SOURCE DATA:
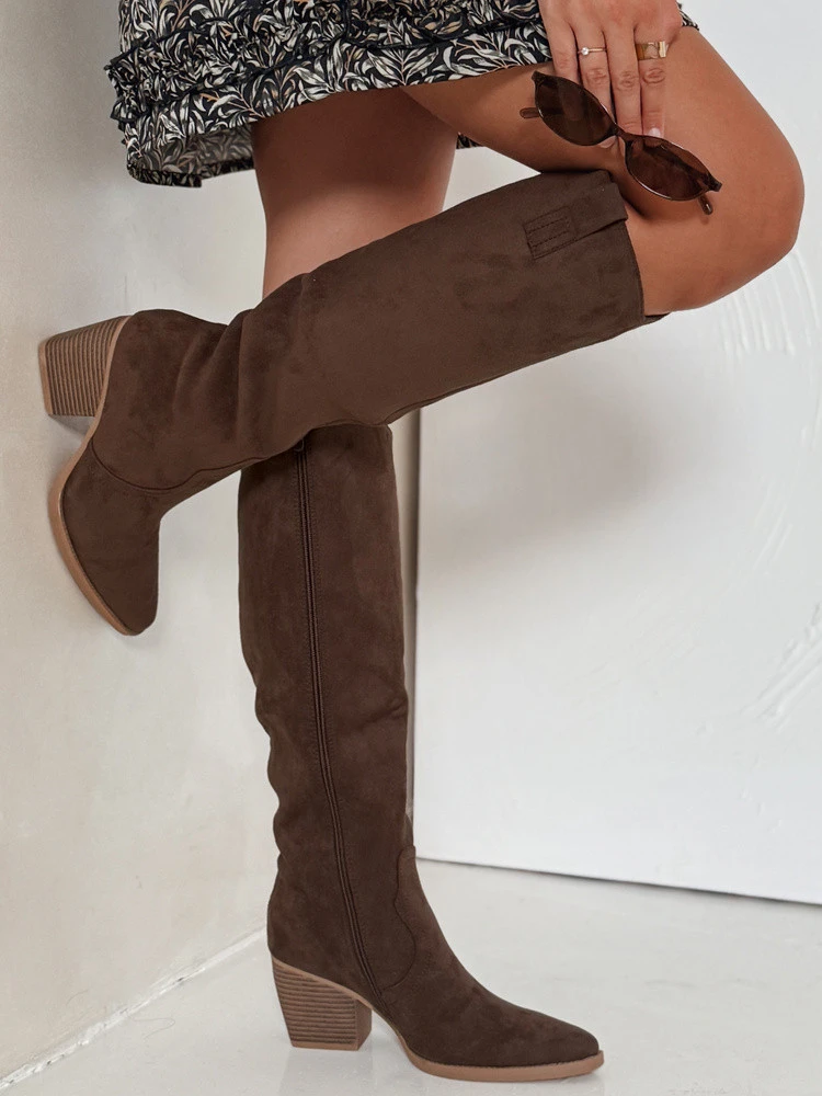Dámské kozačky z ekologického semiše jsou dokonalou kombinací klasiky a pohodlí. Model v délce ke kolenům byl usazen na stabilním jehlovém podpatku, který dodává siluetě lehkost a zároveň poskytuje pohodlí při chůzi. Jemné prošívání a štíhlý tvar nosu jim dodávají elegantní charakter, který se skvěle hodí jak pro každodenní, tak i stylovější komplety.
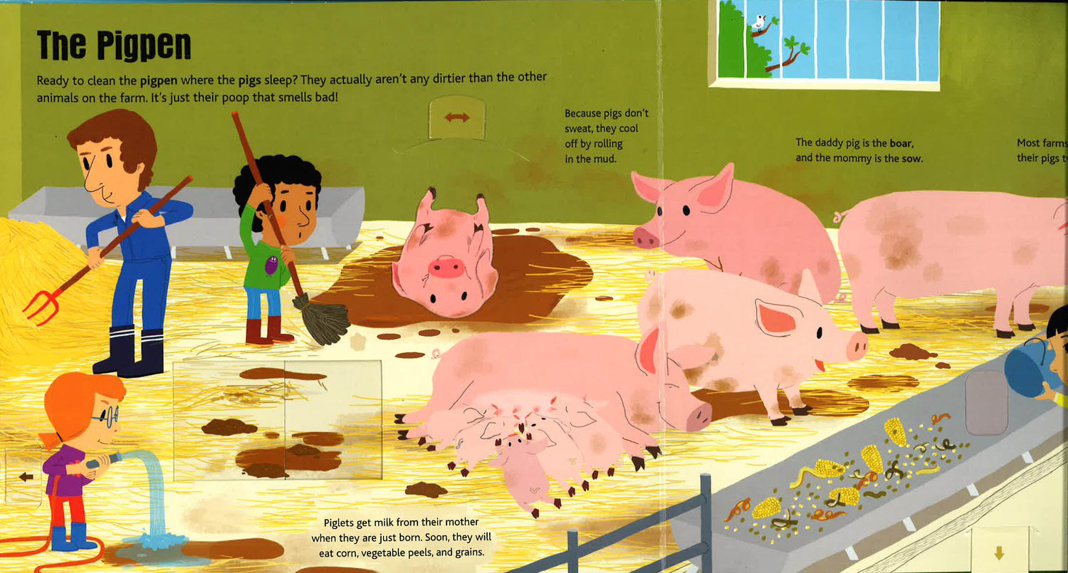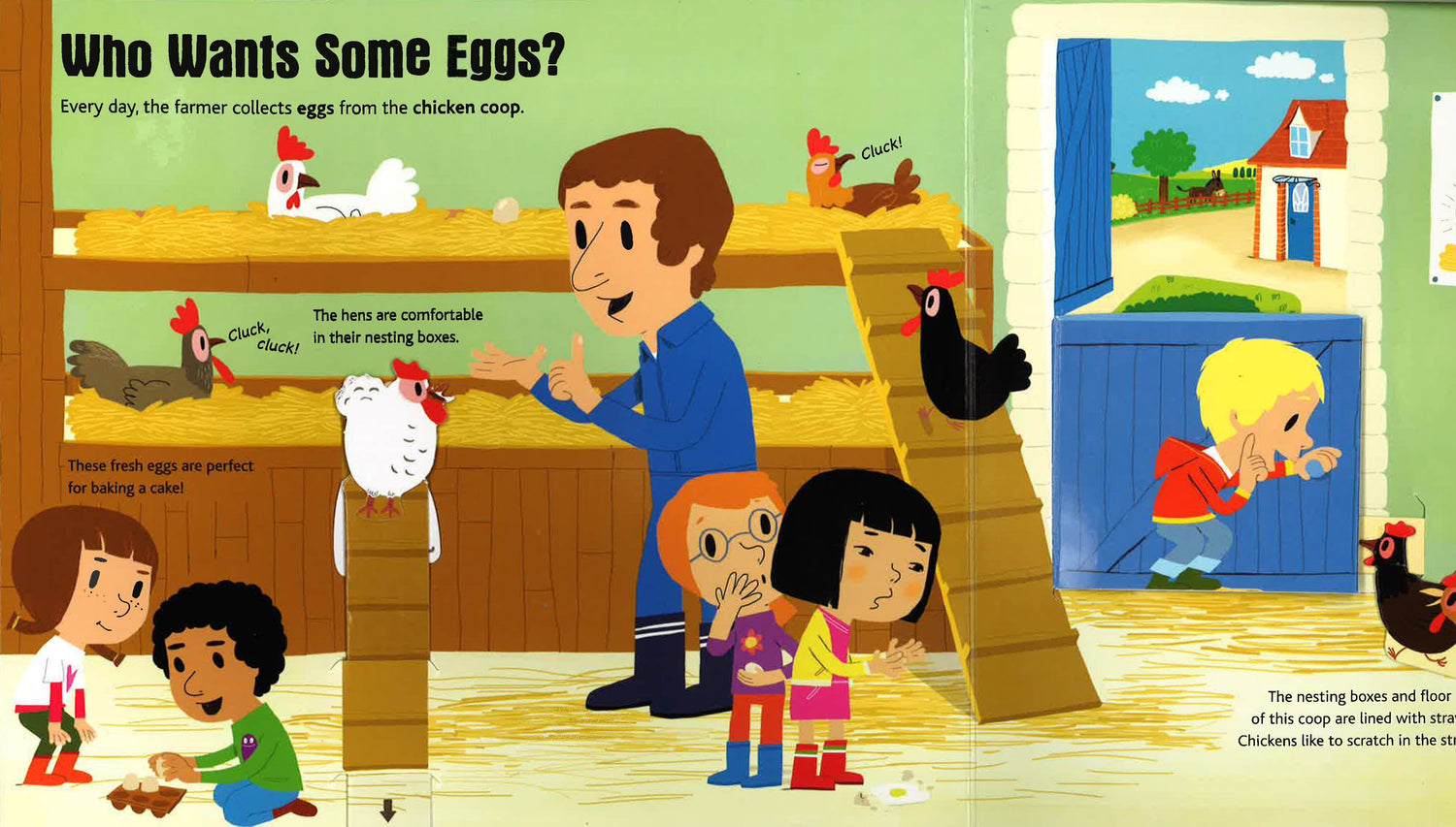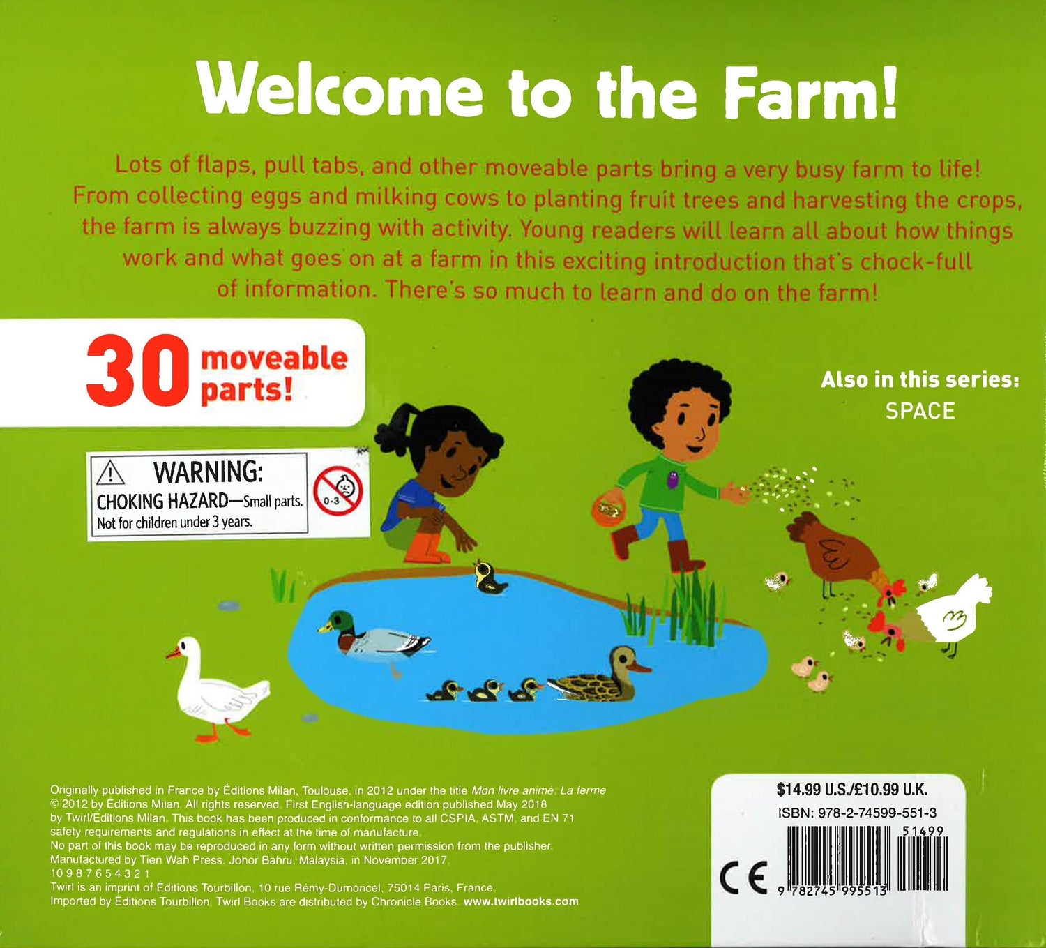 Flaps, pull tabs, and many other movable parts bring a very busy farm to life! From gathering eggs and milking cows to planting fruit trees and harvesting the crops, the farm is always buzzing with activity. Young readers will learn all about how things work and what goes on at a farm in this exciting introduction that's chock-full of information. There's so much to learn and do on the farm!
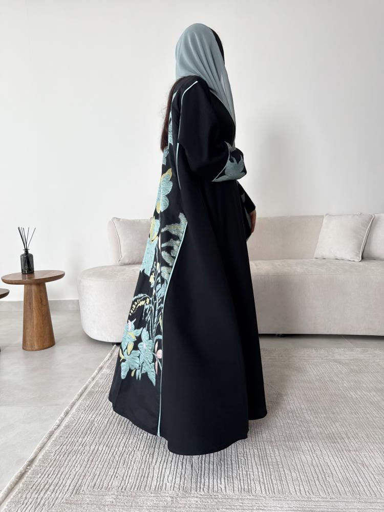 Z227 / قماش مخمل اسود مع ياقه ورسم يدوي
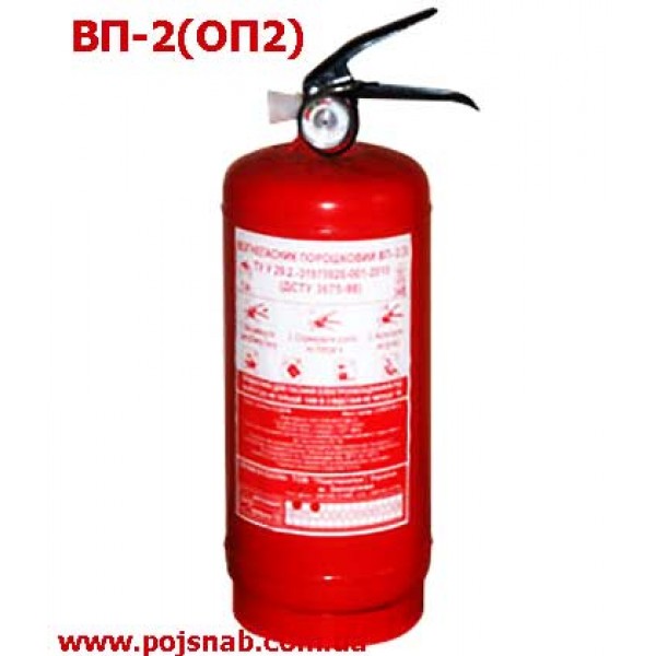 Порошковими вогнегасниками ВП2(ОП2) рекомендується обладнати легкові та вантажні автомобілі, сільськогосподарську техніку, протипожежні щити на хімічних об'єктах, у гаражах, майстерень, офісах, готелях і квартирах.

BRIEF:
When you return the listing, keep it exact and omit any pictures it holds.

ANSWER FOR THE TASK:
Dámské kozačky z ekologického semiše jsou dokonalou kombinací klasiky a pohodlí. Model v délce ke kolenům byl usazen na stabilním jehlovém podpatku, který dodává siluetě lehkost a zároveň poskytuje pohodlí při chůzi. Jemné prošívání a štíhlý tvar nosu jim dodávají elegantní charakter, který se skvěle hodí jak pro každodenní, tak i stylovější komplety.
 Flaps, pull tabs, and many other movable parts bring a very busy farm to life! From gathering eggs and milking cows to planting fruit trees and harvesting the crops, the farm is always buzzing with activity. Young readers will learn all about how things work and what goes on at a farm in this exciting introduction that's chock-full of information. There's so much to learn and do on the farm!
 Z227 / قماش مخمل اسود مع ياقه ورسم يدوي
 Порошковими вогнегасниками ВП2(ОП2) рекомендується обладнати легкові та вантажні автомобілі, сільськогосподарську техніку, протипожежні щити на хімічних об'єктах, у гаражах, майстерень, офісах, готелях і квартирах.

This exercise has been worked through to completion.